Выбрать главу

Среди криков ужаса звонко выделяется один: «В баре убило нищего, какого-то нищего…». Крик разносится в ночи снова и снова, «нищий был убит, нищий…»

Нищий… нищий…

Джо стоит, глядя на то место, где был Стерн. А Стерн ушёл. Ушёл в грохоте разбивающегося стекла, ослепляющего света и эха удаляющегося топота шагов. Джо улыбается и шепчет:

«В конце концов он всё понял и принял. Я видел это — в его глазах».

Крики снаружи стихли. Внутри бара и пыль и хаос и Джо трудно дышать и гул в ушах. Но Джо улыбается.

Нищий… нищий…

Часть четвертая

— 19 —

Золотой колокольчик и гранат

Тобрук пал. «Панцеры» Африканского корпуса Роммеля лязгают гусеницами немногим более чем в пятидесяти милях от Александрии. Потрёпанная британская армия пытается удержать линию обороны в Эль-Аламейне; если падёт этот последний рубеж, то немцы захватят Египет и Суэцкий канал, а возможно, и весь Ближний Восток.

Почти все британские войска покинули Александрию. Улицы Каира забиты машинами. Гражданские, — без вещей, взяв только деньги и документы, — удирают в Хартум, Кению и Южную Африку. Самые длинные колонны грузовиков дымят и пылят по дороге в Палестину.

Британский флот перебазировался в Хайфу. Эвакуируется военный и гражданский персонал. Огромные толпы недавно бежавших из Европы людей стоят в очередях на получение транзитных документов, — а говоря по-русски — виз, — хоть куда-нибудь.

* * *

Белль и Элис не удивились, увидев Джо, разве что, они не ожидали его так скоро. Он забежал, натыкаясь на плетёную мебель, и, путая слова, быстро заговорил не своим голосом.

— Это было почти как если бы он был одержим, — позже вспоминала Белль.

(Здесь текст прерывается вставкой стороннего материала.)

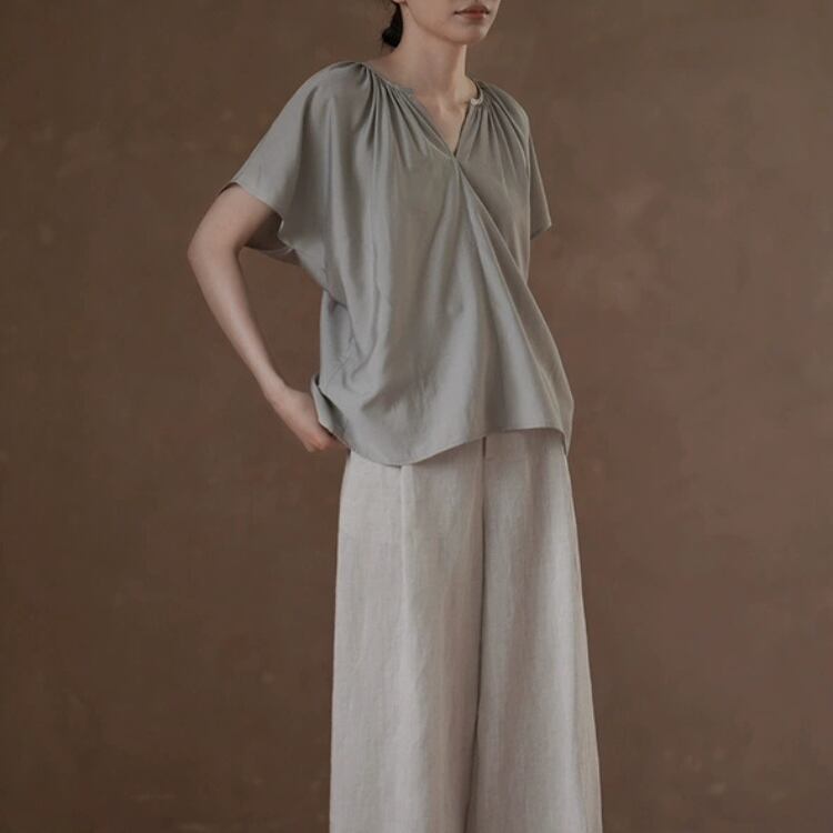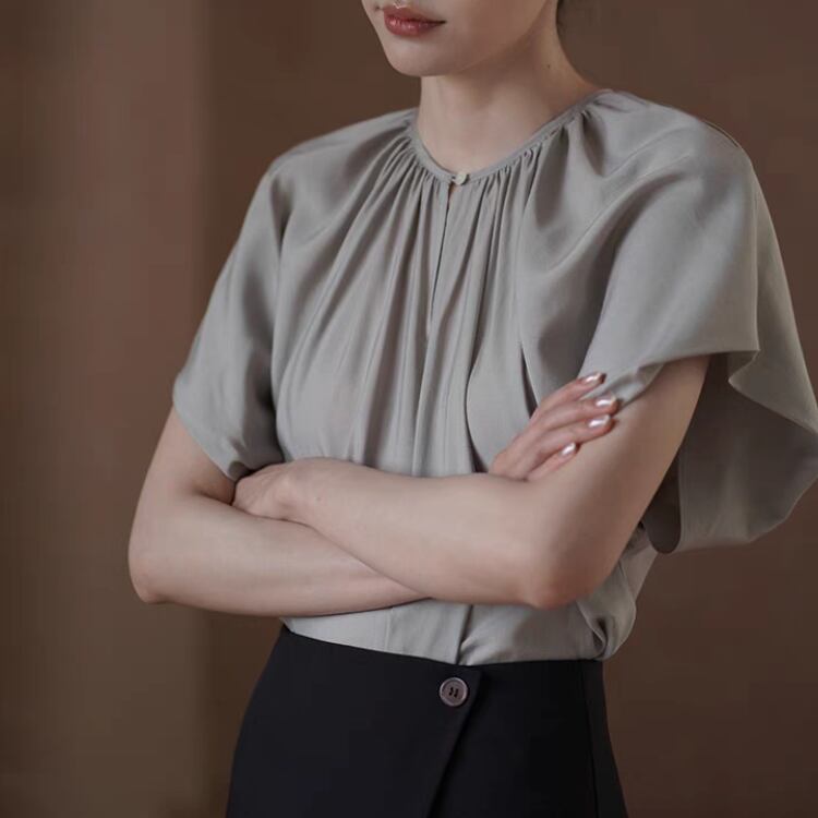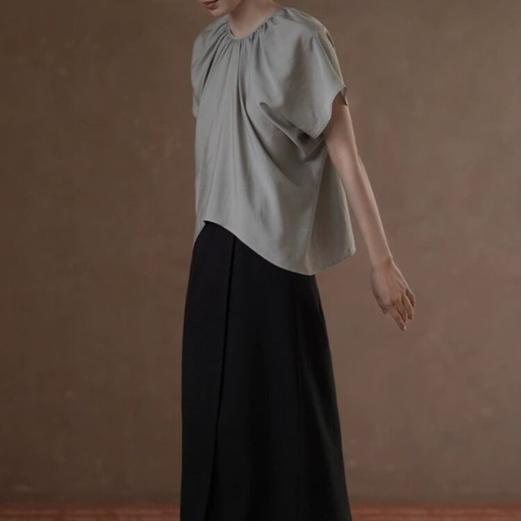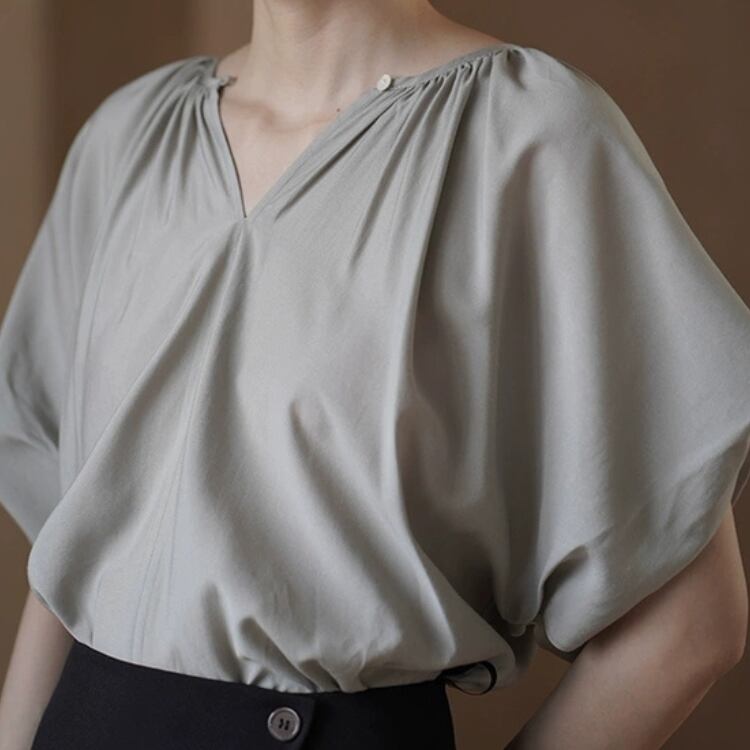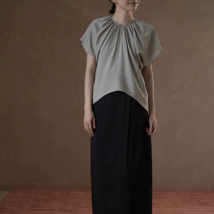 ギャザーを寄せたネックラインが美しいシルエットを作り出し、女性らしさを引き立ててくれます。

Белль и Элис пытались его расспросить, но в его ответах было мало смысла, и удержать его внимание было невозможно. Он вертел головой, хрипел, шептал. Иногда одна из старушек ловила несколько слов.

«Опасность… побег…»

Бабушки были шокированы изменениями, произошедшими с Джо за столь короткое время. Шаркая ногами, взъерошенный, измождённый от недосыпания, он выглядел так, как будто мог рухнуть в любой момент. Худые плечи поникли, а руки безостановочно метались плетьми; он хватал фарфоровые статуэтки Элис и переставлял их с места на место; касался мебели, указывал в никуда и, бормоча, стонал:

«Побег… исход…»

«Что-то случилось, сломало его, и он сжался в себе, отступил в свой частный мирок. Какой он маленький», — дружно подумали сёстры.

— Джо, аллё! что случилось со Стерном? — спросила Белль. — Что случилось со Стерном?

— Ушёл… все уходят…

Он отошёл в угол и уткнулся взглядом в полированное дерево клавесина и лежащий на нём фагот. А минуту спустя вдруг попятился и устремил взгляд на портрет Клеопатры, потом подошёл к портрету и прижался лицом.

— Движущаяся панорама…

— Что ты сказал? — спросила Элис.

Он не ответил, а рванул к противоположной стене. Дорогой налетел на стул, зацепил и раздолбал фарфорового Приапа, и встал как вкопанный перед портретом Екатерины Великой. Покачал головой, непрестанно покусывая и облизывая губы.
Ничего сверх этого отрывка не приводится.